In general, such differences as exist indicate that women tend to employ emotion-focused coping and the “tend-and-befriend” response to stress, whereas men tend to use problem-focused coping and the “fight-or-flight” response, perhaps because societal standards encourage men to be more individualistic, while women are often expected to be interpersonal. An alternative explanation for the aforementioned differences involves genetic factors. The degree to which genetic factors and social conditioning influence behavior, is the subject of ongoing debate.[50]

Physiological basis

Hormones also play a part in stress management. Cortisol, a stress hormone, was found to be elevated in males during stressful situations. In females, however, cortisol levels were decreased in stressful situations, and instead, an increase in limbic activity was discovered. Many researchers believe that these results underlie the reasons why men administer a fight-or-flight reaction to stress; whereas, females have a tend-and-befriend reaction.[51] The “fight-or-flight” response activates the sympathetic nervous system in the form of increased focus levels, adrenaline, and epinephrine. Conversely, the “tend-and-befriend” reaction refers to the tendency of women to protect their offspring and relatives. Although these two reactions support a genetic basis to differences in behavior, one should not assume that in general females cannot implement “fight-or-flight” behavior or that males cannot implement “tend-and-befriend” behavior. Additionally, this study implied differing health impacts for each gender as a result of the contrasting stress-processes.

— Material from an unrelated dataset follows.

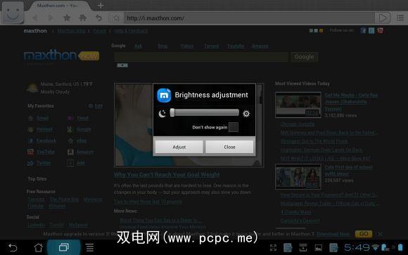 Maxthon在其他浏览器之上提供的一些独特功能包括“夜间阅读"您可以从右侧的下拉菜单中启用的模式。您可以调整屏幕的亮度,以使屏幕在黑暗的房间中非常容易阅读,而不会在此过程中使您的眼睛焦灼。我绝对喜欢此功能,尤其是在床上阅读而又不打扰房间中其他任何人的地方。

What can we do to help Americans cope with chronic stress? Here is some of the advice that APA offers on its public website:

  • Identify what’s causing stress and take action.
  • Build strong, positive relationships: Connect with supportive friends and family members when you’re having a difficult time.
  • Get regular exercise, eat nourishing food and participate in activities you enjoy.
  • Stay focused on the positive and avoid negative energy.
  • Avoid drugs and alcohol.
  • Rest your mind: Sleep, do yoga, meditate and perform relaxation exercises that can help restore energy.
  • Get help from a psychologist when you’re overwhelmed.